**Aim of the exercise**: An exact copy of the data is needed, but without any of its images.

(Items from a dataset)
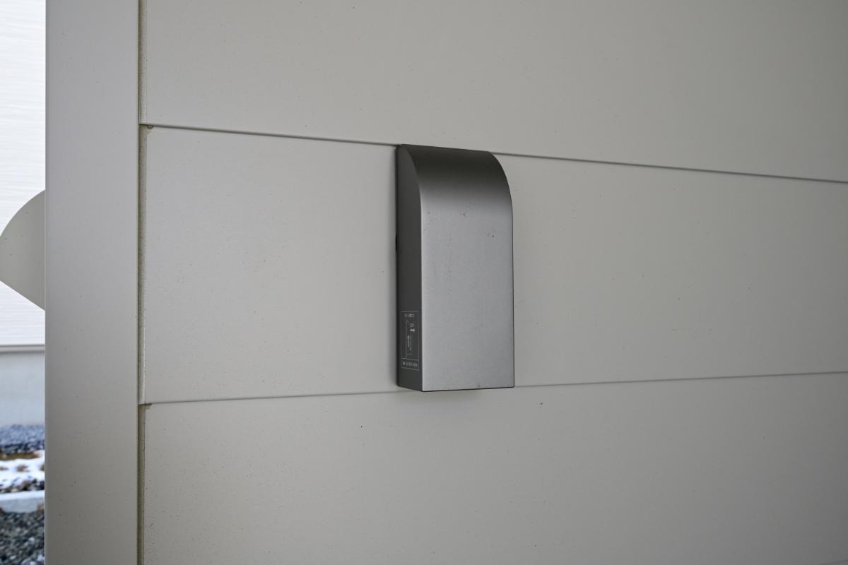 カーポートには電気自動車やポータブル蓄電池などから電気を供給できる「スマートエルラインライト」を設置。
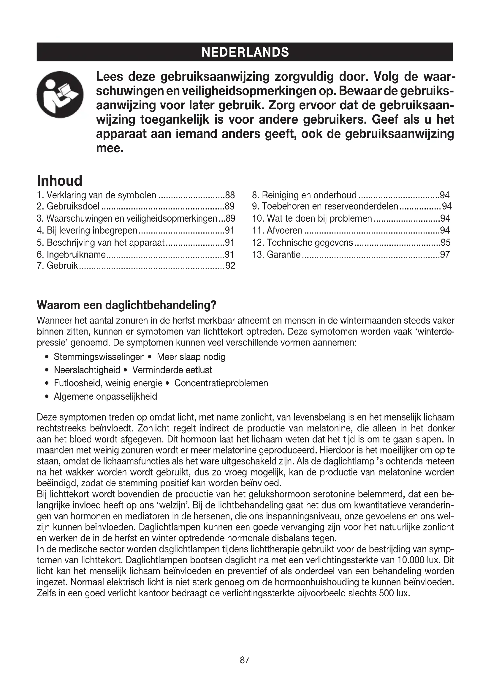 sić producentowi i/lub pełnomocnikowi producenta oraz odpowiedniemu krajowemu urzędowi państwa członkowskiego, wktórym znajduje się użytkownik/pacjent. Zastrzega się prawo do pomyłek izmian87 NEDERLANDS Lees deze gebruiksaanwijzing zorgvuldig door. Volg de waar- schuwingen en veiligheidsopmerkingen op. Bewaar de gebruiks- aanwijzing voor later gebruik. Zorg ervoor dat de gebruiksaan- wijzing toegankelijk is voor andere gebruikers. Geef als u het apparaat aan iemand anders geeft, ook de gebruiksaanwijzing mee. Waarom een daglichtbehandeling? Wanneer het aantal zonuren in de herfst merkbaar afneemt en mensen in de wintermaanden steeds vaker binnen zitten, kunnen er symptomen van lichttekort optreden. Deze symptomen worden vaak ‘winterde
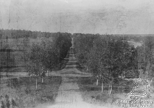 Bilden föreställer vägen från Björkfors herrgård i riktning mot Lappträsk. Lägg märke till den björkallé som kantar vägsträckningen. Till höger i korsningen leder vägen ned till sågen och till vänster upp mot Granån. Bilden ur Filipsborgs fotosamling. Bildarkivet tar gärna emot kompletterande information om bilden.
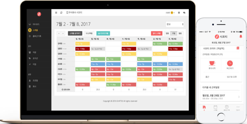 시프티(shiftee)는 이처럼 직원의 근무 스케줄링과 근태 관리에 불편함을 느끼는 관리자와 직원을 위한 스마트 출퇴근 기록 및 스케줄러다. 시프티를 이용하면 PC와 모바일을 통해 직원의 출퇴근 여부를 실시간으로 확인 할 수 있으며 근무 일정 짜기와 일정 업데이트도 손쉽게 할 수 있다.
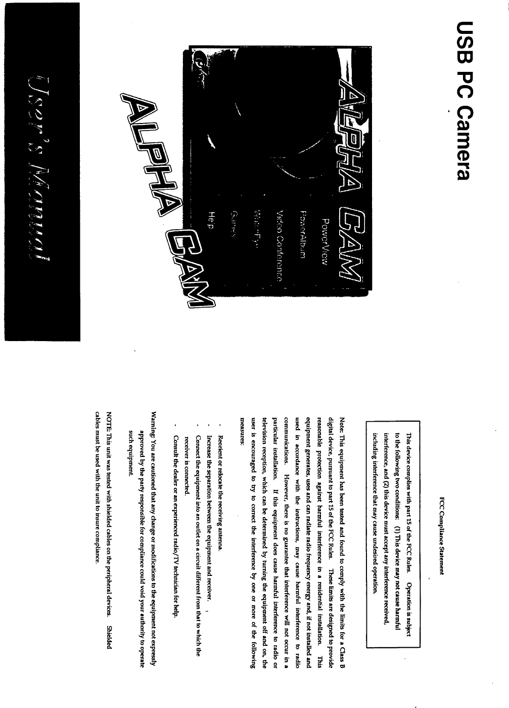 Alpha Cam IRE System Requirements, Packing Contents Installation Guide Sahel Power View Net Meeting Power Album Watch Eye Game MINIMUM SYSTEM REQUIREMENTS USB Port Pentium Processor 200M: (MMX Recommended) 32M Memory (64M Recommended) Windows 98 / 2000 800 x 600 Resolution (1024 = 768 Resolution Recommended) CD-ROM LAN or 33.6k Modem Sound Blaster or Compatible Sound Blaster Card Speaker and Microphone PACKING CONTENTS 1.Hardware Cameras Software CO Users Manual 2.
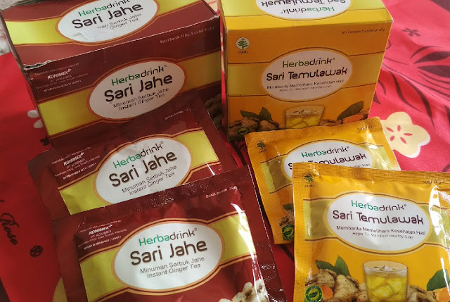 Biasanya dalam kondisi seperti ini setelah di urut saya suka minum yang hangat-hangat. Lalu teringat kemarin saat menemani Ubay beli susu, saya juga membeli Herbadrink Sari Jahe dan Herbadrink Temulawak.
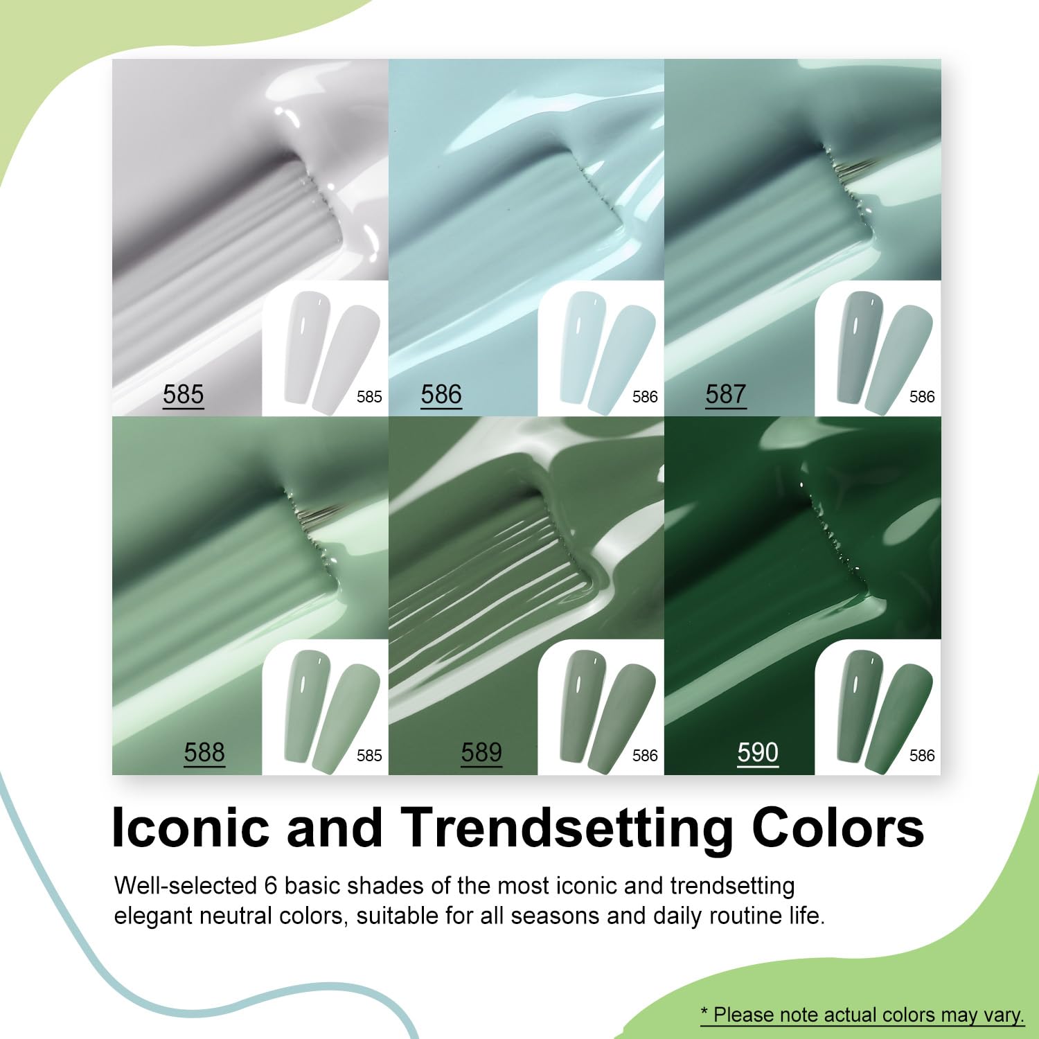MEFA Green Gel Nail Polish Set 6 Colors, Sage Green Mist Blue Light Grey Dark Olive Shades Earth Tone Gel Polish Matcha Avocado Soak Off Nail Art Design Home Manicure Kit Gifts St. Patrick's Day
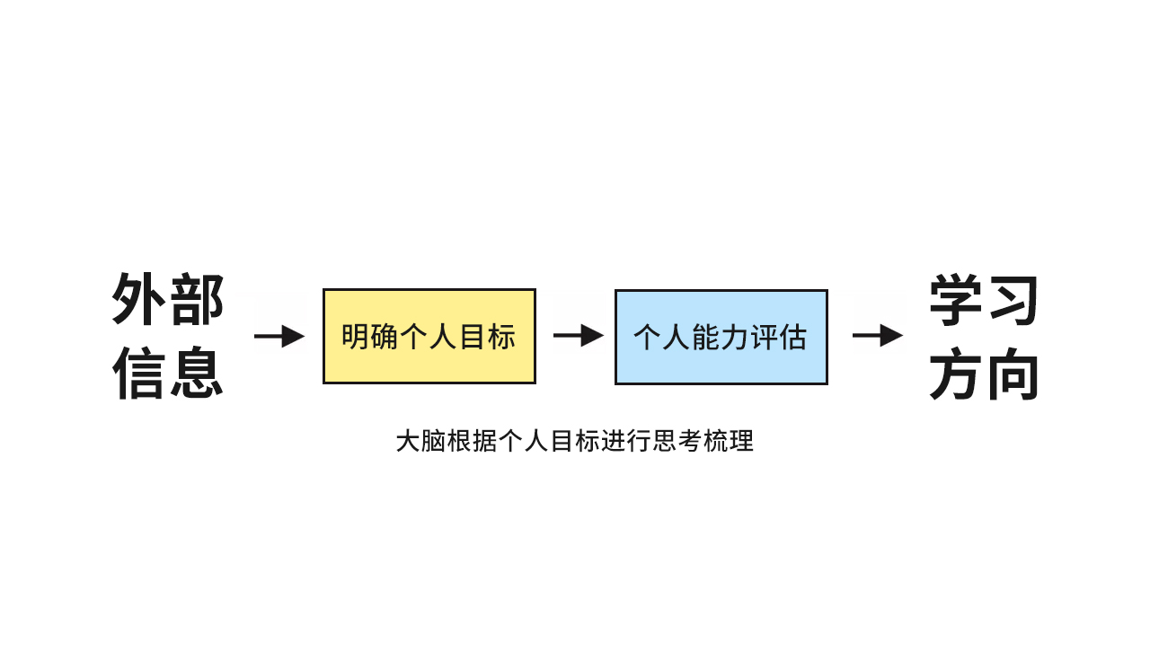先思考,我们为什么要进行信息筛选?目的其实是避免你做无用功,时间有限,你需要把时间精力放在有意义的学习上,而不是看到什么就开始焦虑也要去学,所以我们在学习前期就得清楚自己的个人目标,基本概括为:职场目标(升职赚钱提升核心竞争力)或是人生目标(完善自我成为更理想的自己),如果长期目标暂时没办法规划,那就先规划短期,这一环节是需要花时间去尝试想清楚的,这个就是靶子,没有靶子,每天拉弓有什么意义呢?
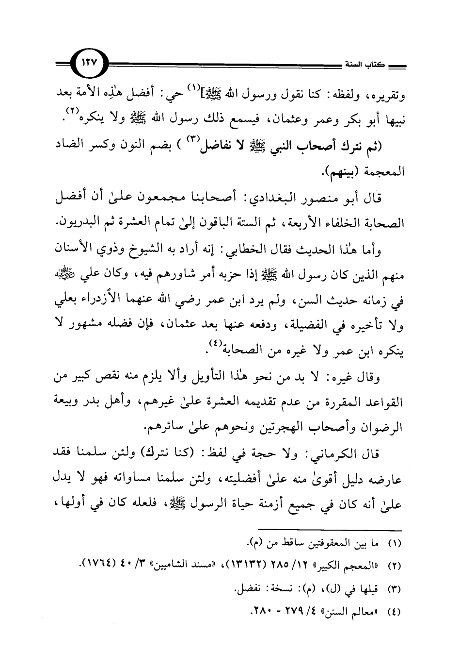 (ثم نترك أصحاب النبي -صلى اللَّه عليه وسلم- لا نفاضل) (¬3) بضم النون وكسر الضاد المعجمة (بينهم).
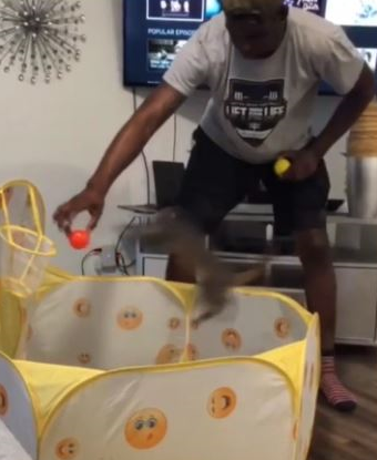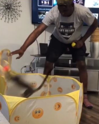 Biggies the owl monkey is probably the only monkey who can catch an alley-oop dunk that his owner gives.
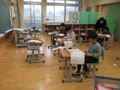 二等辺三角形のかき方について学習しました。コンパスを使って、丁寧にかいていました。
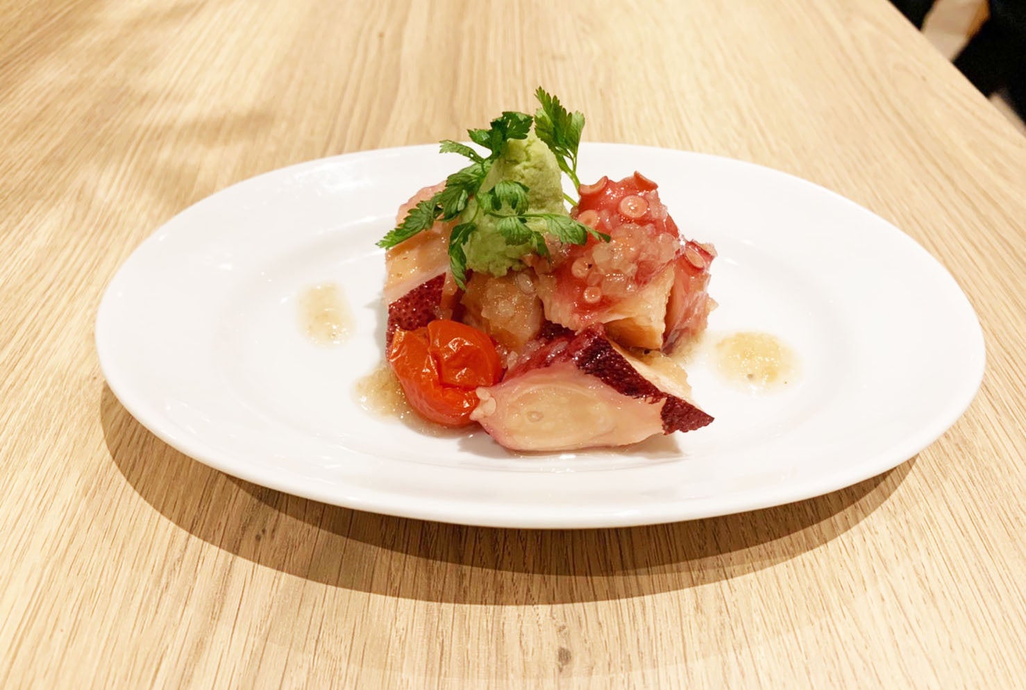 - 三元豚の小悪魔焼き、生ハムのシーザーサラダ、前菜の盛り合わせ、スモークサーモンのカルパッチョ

**Task answer**:
 カーポートには電気自動車やポータブル蓄電池などから電気を供給できる「スマートエルラインライト」を設置。
 sić producentowi i/lub pełnomocnikowi producenta oraz odpowiedniemu krajowemu urzędowi państwa członkowskiego, wktórym znajduje się użytkownik/pacjent. Zastrzega się prawo do pomyłek izmian87 NEDERLANDS Lees deze gebruiksaanwijzing zorgvuldig door. Volg de waar- schuwingen en veiligheidsopmerkingen op. Bewaar de gebruiks- aanwijzing voor later gebruik. Zorg ervoor dat de gebruiksaan- wijzing toegankelijk is voor andere gebruikers. Geef als u het apparaat aan iemand anders geeft, ook de gebruiksaanwijzing mee. Waarom een daglichtbehandeling? Wanneer het aantal zonuren in de herfst merkbaar afneemt en mensen in de wintermaanden steeds vaker binnen zitten, kunnen er symptomen van lichttekort optreden. Deze symptomen worden vaak ‘winterde
 Bilden föreställer vägen från Björkfors herrgård i riktning mot Lappträsk. Lägg märke till den björkallé som kantar vägsträckningen. Till höger i korsningen leder vägen ned till sågen och till vänster upp mot Granån. Bilden ur Filipsborgs fotosamling. Bildarkivet tar gärna emot kompletterande information om bilden.
 시프티(shiftee)는 이처럼 직원의 근무 스케줄링과 근태 관리에 불편함을 느끼는 관리자와 직원을 위한 스마트 출퇴근 기록 및 스케줄러다. 시프티를 이용하면 PC와 모바일을 통해 직원의 출퇴근 여부를 실시간으로 확인 할 수 있으며 근무 일정 짜기와 일정 업데이트도 손쉽게 할 수 있다.
 Alpha Cam IRE System Requirements, Packing Contents Installation Guide Sahel Power View Net Meeting Power Album Watch Eye Game MINIMUM SYSTEM REQUIREMENTS USB Port Pentium Processor 200M: (MMX Recommended) 32M Memory (64M Recommended) Windows 98 / 2000 800 x 600 Resolution (1024 = 768 Resolution Recommended) CD-ROM LAN or 33.6k Modem Sound Blaster or Compatible Sound Blaster Card Speaker and Microphone PACKING CONTENTS 1.Hardware Cameras Software CO Users Manual 2.
 Biasanya dalam kondisi seperti ini setelah di urut saya suka minum yang hangat-hangat. Lalu teringat kemarin saat menemani Ubay beli susu, saya juga membeli Herbadrink Sari Jahe dan Herbadrink Temulawak.
MEFA Green Gel Nail Polish Set 6 Colors, Sage Green Mist Blue Light Grey Dark Olive Shades Earth Tone Gel Polish Matcha Avocado Soak Off Nail Art Design Home Manicure Kit Gifts St. Patrick's Day
先思考,我们为什么要进行信息筛选?目的其实是避免你做无用功,时间有限,你需要把时间精力放在有意义的学习上,而不是看到什么就开始焦虑也要去学,所以我们在学习前期就得清楚自己的个人目标,基本概括为:职场目标(升职赚钱提升核心竞争力)或是人生目标(完善自我成为更理想的自己),如果长期目标暂时没办法规划,那就先规划短期,这一环节是需要花时间去尝试想清楚的,这个就是靶子,没有靶子,每天拉弓有什么意义呢?
 (ثم نترك أصحاب النبي -صلى اللَّه عليه وسلم- لا نفاضل) (¬3) بضم النون وكسر الضاد المعجمة (بينهم).
 Biggies the owl monkey is probably the only monkey who can catch an alley-oop dunk that his owner gives.
 二等辺三角形のかき方について学習しました。コンパスを使って、丁寧にかいていました。
 - 三元豚の小悪魔焼き、生ハムのシーザーサラダ、前菜の盛り合わせ、スモークサーモンのカルパッチョ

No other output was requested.